Could you copy exactly the lines below from the one with "2月26日,东洲街道的农技人" to the one with "정읍시자원봉사센터(이사장 은성수)는 4일", inclusive, leaving out any pictures?

==== Material provided

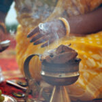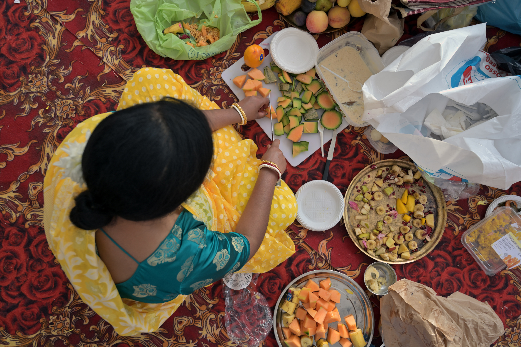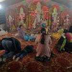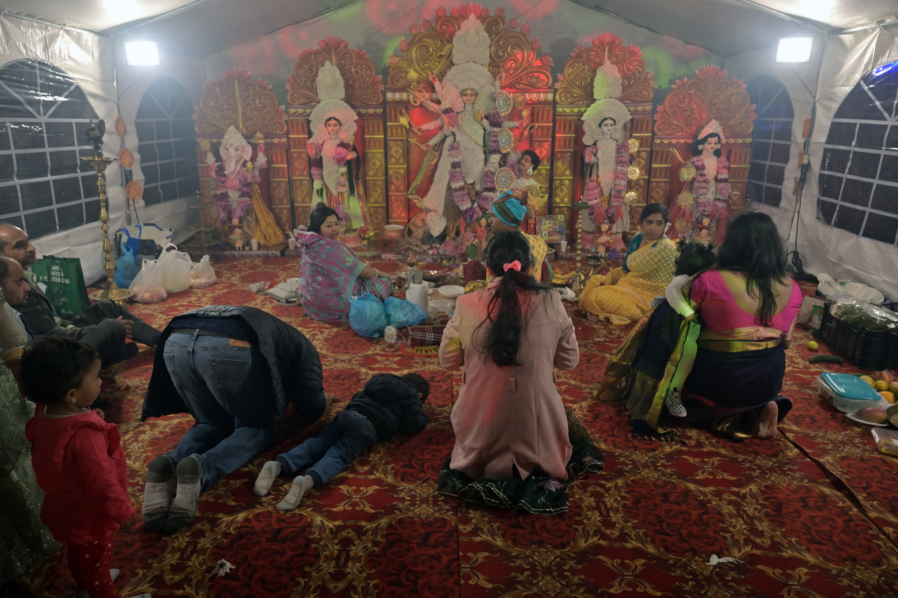 La Durga Puja, è stata la festività – tradizionalmente nota come la più importante nel mondo indiano – celebrata in occasione del festival. Durga è la dea della guerra che incarna la creatività femminile e che, secondo la mitologia induista, si reca nel mondo ultraterreno per sconfiggere le forze del male. In questi giorni di festa, ne viene celebrato il suo ritorno nel mondo terreno. Generalmente la dea viene rappresentata con otto o dieci braccia e munita di armi degli dei principali: lo scopo è esprimerne l’immensa forza divisa e la rapidità dell’azione. Sul luogo dello svolgimento di questi rituali ci sono i pandal: strutture provvisorie che vengono costruite nelle città e al cui interno si possono trovare quadri, sculture e fotografie che raffigurano la dea.
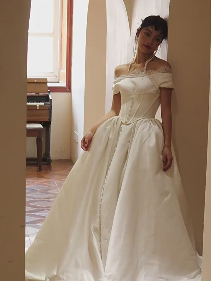 Crafted from the finest silk satin, Cendre exudes elegance and sophistication. The off the shoulder design with delicate laces adds a touch of sensuality, while the subtle ball gown allure creates a timeless look.
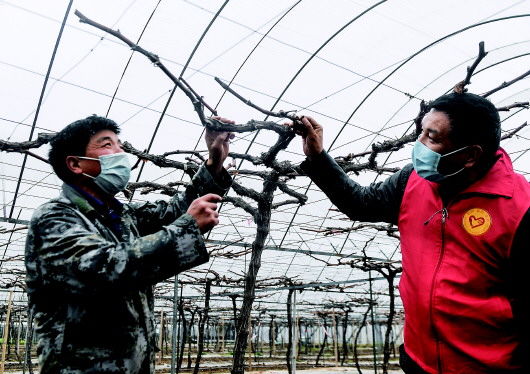 2月26日,东洲街道的农技人员(右)在天府葡萄专业合作社的葡萄大棚内给种植户进行技术指导。近期,浙江省杭州市富阳区东洲街道成立由农业部门的党员志愿者组成的“春耕工作临时党支部”,党员志愿者积极送农资、送农技、送服务给种养殖户们。
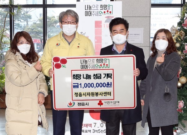 정읍시자원봉사센터(이사장 은성수)는 4일 직원들이 십시일반 모아 마련한 ‘희망 2021 나눔 성금’ 100만원을 전달했다.
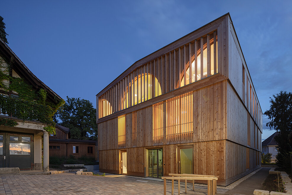 Die Massivholzbauten entstanden und entstehen in Partnerschaft zwischen 9grad architektur und BSS Architekten. Der Standort soll in den kommenden Jahren zukunftsfähig umgestaltet werden. Um Platz für den Klinikneubau zu schaffen, wurde ein Ersatzneubau für das Heilmittellabor errichtet. Dieser Bau war der Auftakt für die weitere Entwicklung, die der bestehenden Tradition eine neue Identität und Dynamik verleihen soll. Wie diese Bauweise und die anthroposophische Ausrichtung der Klinik mit den modernen Anforderungen eines Labor- und Bürogebäudes zusammengehen, erfahren wir während der Führung.
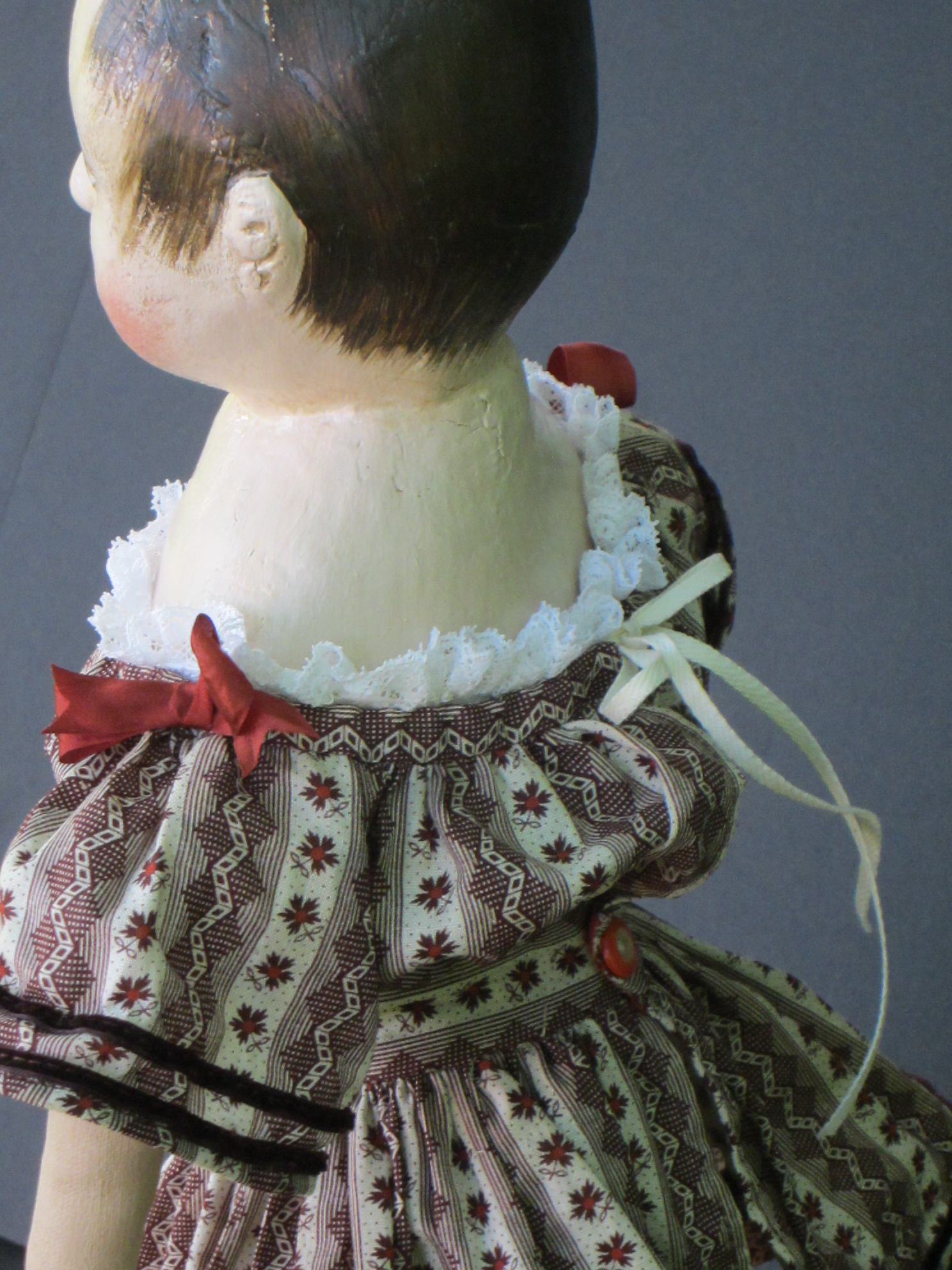 Last spring Mary and her antique Izannah Walker doll, Anna, came to visit. We had a wonderful day with Anna and spent several hours planning a special reproduction of Anna to add to Mary’s impressive doll collection. Mary has been amazingly patient, as I obsessed over all the fine details necessary to accurately reproduce a younger “sister” for Anna. I have to admit that it was a slightly daunting task, as the two dolls will be living in the same household and needed to be exactly the same size, so that they can share clothes. I wound up making numerous legs and feet before I was confident that I had correctly gotten Anna’s tiny bare feet just right!
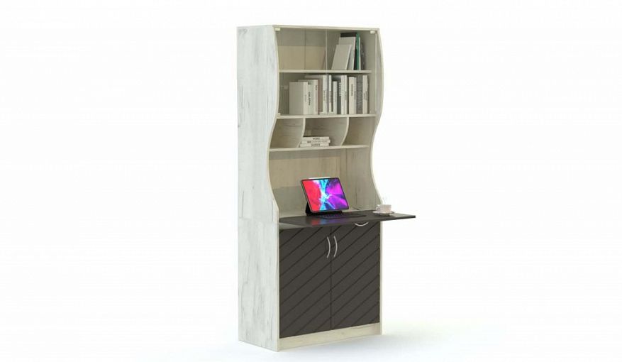 Компьютерный стол-трансформер Нокс 2 BMS с фрезерованным графитовым фасадом и волнообразно вырезанными боковинами станет украшением современного интерьера. Многофункциональная модель может использоваться как книжный шкаф и легко трансформироваться в стол при необходимости. Продуманная система хранения включает в себя застекленное отделение с полкой, глухое распашное и открытые секции, а в центре располагается откидная столешница. Купить компьютерный стол-трансформер Нокс 2 BMS с возможностью изменения размеров вы сможете в нашем интернет-магазине.
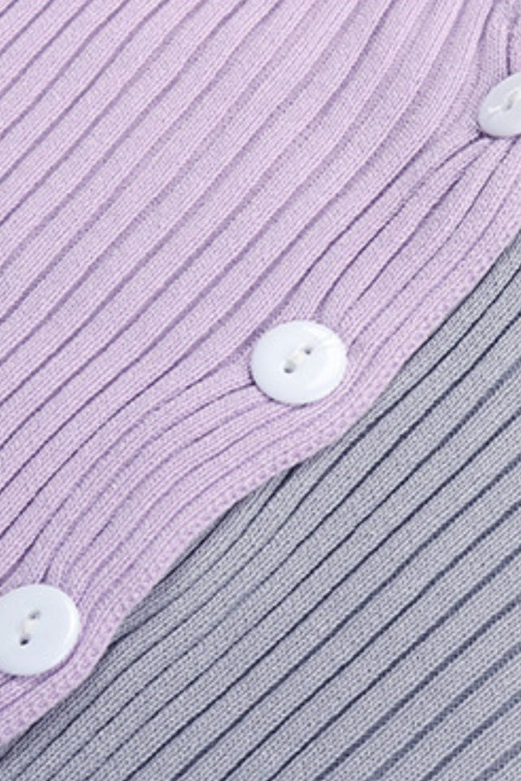 Perfee Contrast Button Up Long Sleeve Cardigan
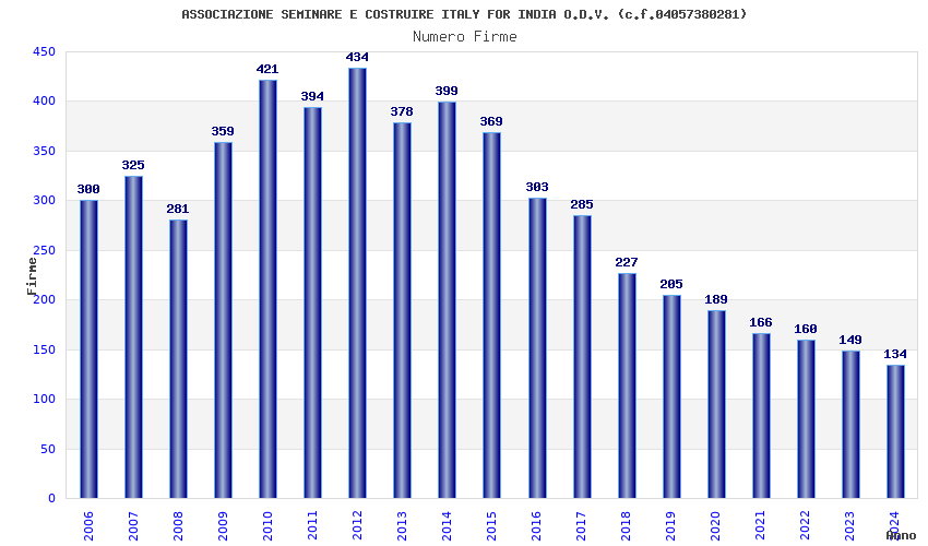 | Anno | Firme | Importi | Media | Naz. | Reg. | Prov. | Comu. |
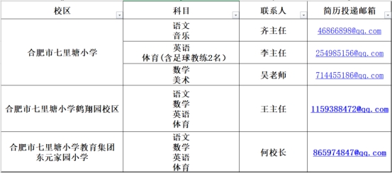 合肥市七里塘小學教育集團因教學工作需要,現(xiàn)面向社會公開招聘語文、數(shù)學、英語、體育、音樂、美術教師若干名。
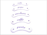 COD. 10-4702 Targhette in Metallo Smaltato Bianco 25 X 90 mm A Mezzaluna con Scritta ZUCCHERO in Blu
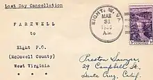 Letter postmarked in Eight at the time of post office's closure.
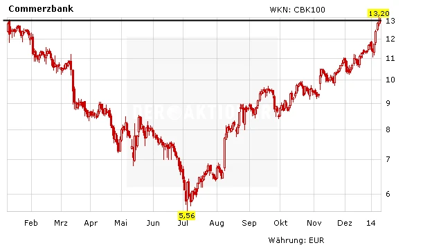Die Commerzbank-Aktie kennt kein Halten mehr. Am Freitag klettert die Aktie über die Marke von 13 Euro. Dort stand der Titel das letzte Mal vor fast genau einem Jahr. Guido Hoymann vom Bankhaus Metzler sieht das Ende der Fahnenstange noch lange nicht erreicht.
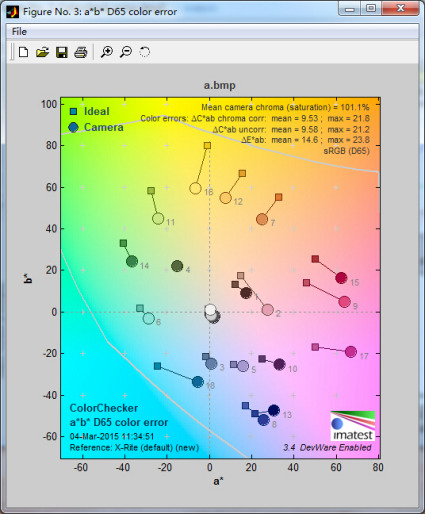 色彩還原指彩色CCD、CMOS經(jīng)過拍攝加工后,彩色攝影畫面的色彩大體上和原景物的色彩相一致。影響色彩還原的因素有CCD、CMOS的性能,攝影鏡頭的質(zhì)量,光線的色溫等。今天我們通過在D65光源下測試攝像頭對色彩的還原能力來聊聊如何使用Imatest進(jìn)行色彩還原測試。
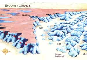 zum Vergrößern bitte klicken Ort Dieses Riff, auch bekannt als Fufuleya, liegt 60-90 Minuten von Hurghada entfernt. Es ist erkennbar durch eine Riffzunge, die auf der Ostseite von Giftun Kebir herausragt. Die Südseite dieser Zunge ist praktisch tot. Auf der Nordseite dagegen liegt ein attraktiver Hartkorallengarten, der sich nach Nordwesten hin als sich abwechselnde Korallenwände und Sandareale hinzieht. 150m nach dieser Zunge befindet sich eine wunderschöne flache Lagune.
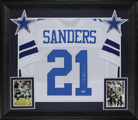Deion Sanders Authentic Signed White Pro Style Framed Jersey BAS Witnessed
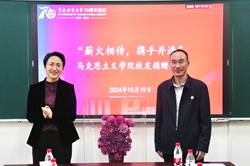 捐赠仪式上,杨燕滨校友与李晓燕书记共同走上台前,进行捐赠物品的交接。捐赠物品“花开富贵”不仅象征着校友们对马院的深情厚谊和美好祝愿,更是马院发展的助力。
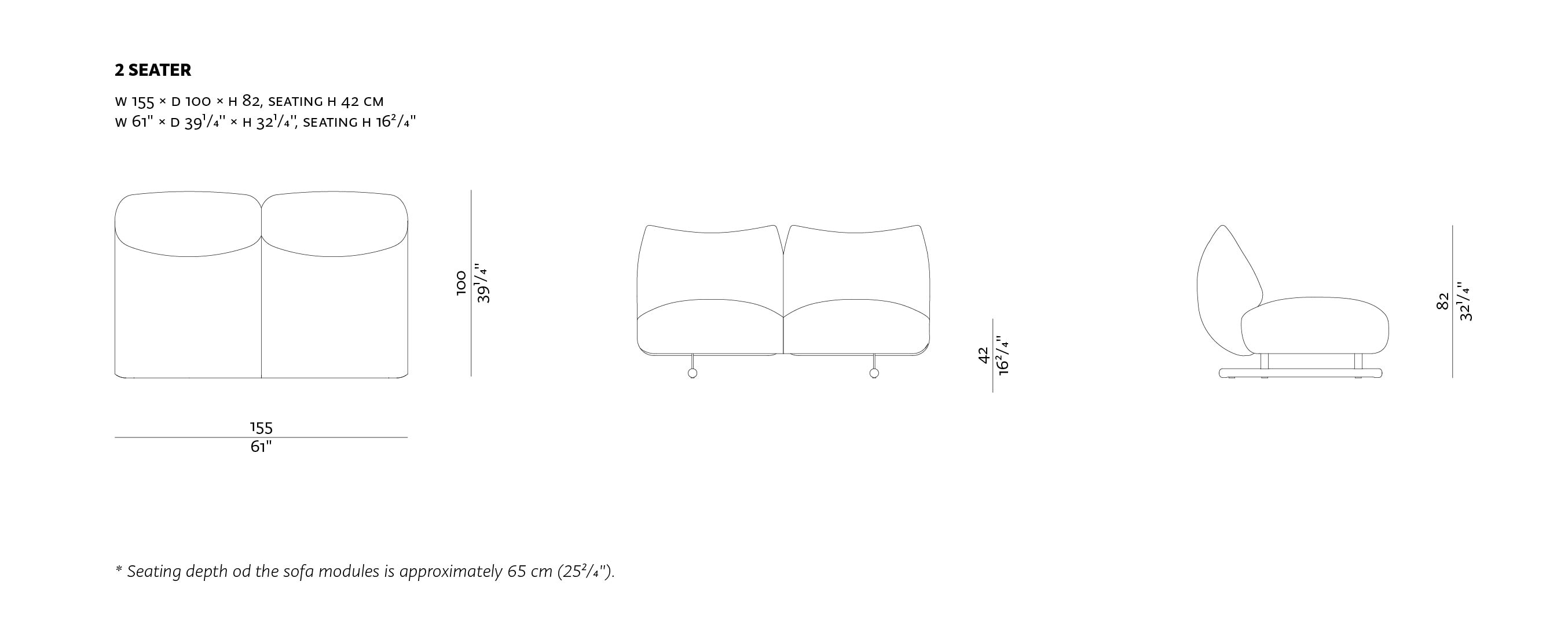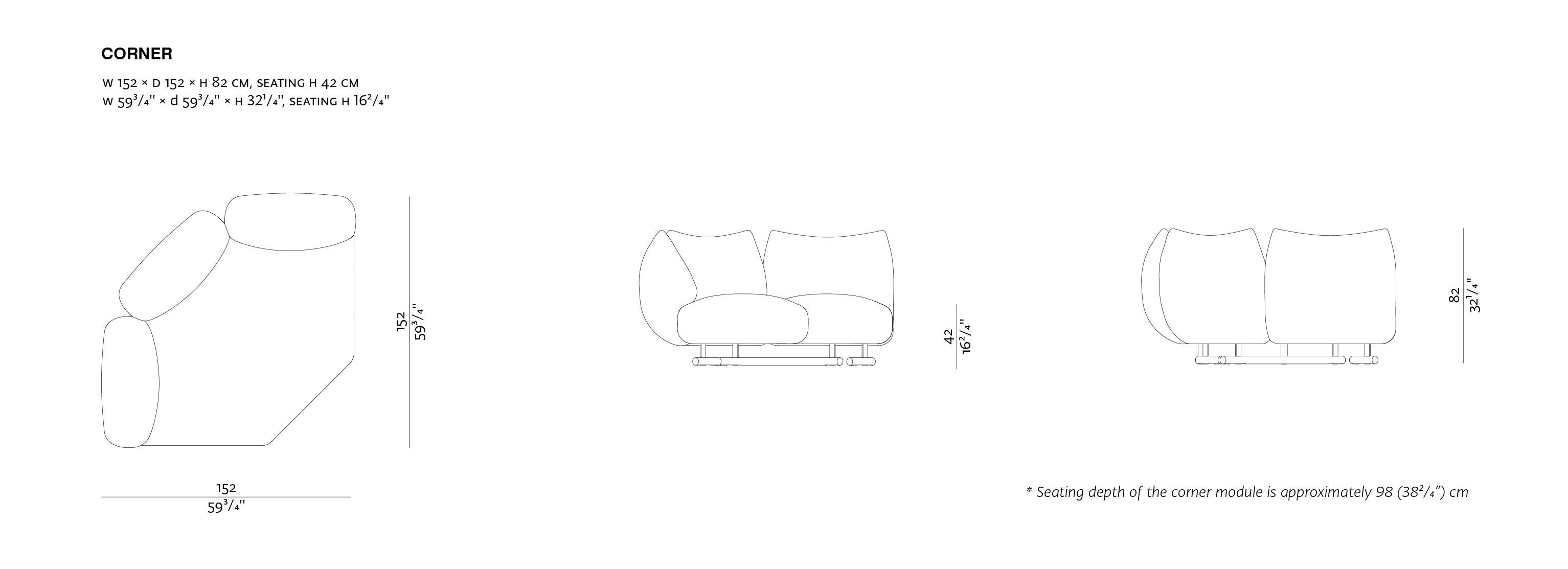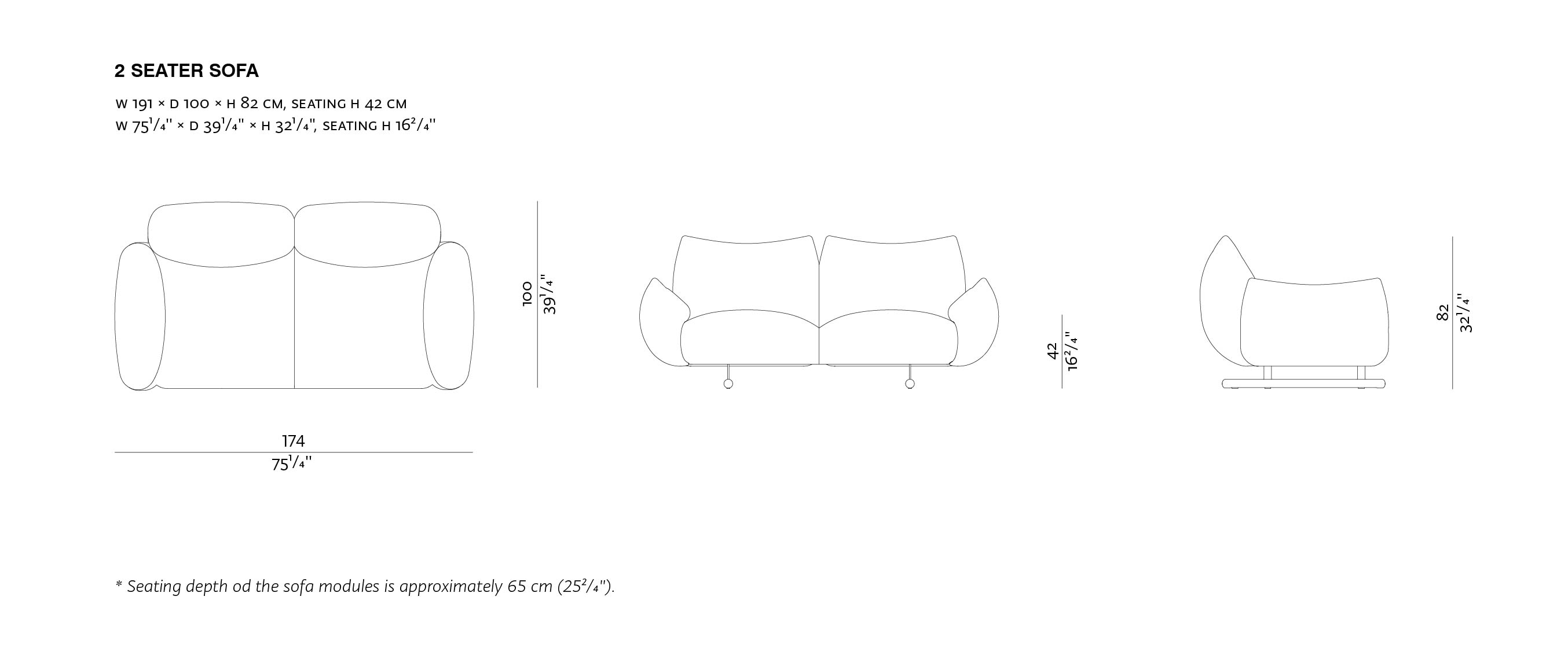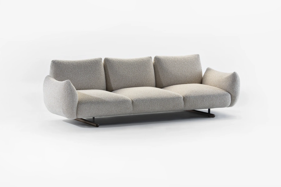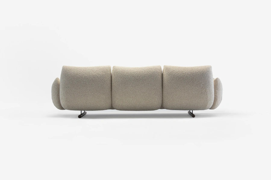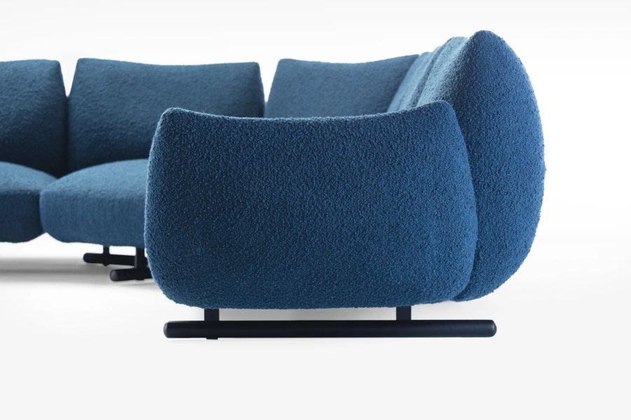 沙發本身以寬大柔軟的靠墊和柔和雕塑感的造型帶來即刻舒適。設計以放鬆為核心,曲線取代硬角,營造大膽又俏皮的休憩氛圍。符合人體工學的扶手可作為頭枕,讓各種坐姿皆自在。Buffa 將幽默趣味與深沉觸感的奢華感融合,是在家中或共享空間放鬆身心的理想選擇。

========

Answer box |
 2月26日,东洲街道的农技人员(右)在天府葡萄专业合作社的葡萄大棚内给种植户进行技术指导。近期,浙江省杭州市富阳区东洲街道成立由农业部门的党员志愿者组成的“春耕工作临时党支部”,党员志愿者积极送农资、送农技、送服务给种养殖户们。
 정읍시자원봉사센터(이사장 은성수)는 4일 직원들이 십시일반 모아 마련한 ‘희망 2021 나눔 성금’ 100만원을 전달했다.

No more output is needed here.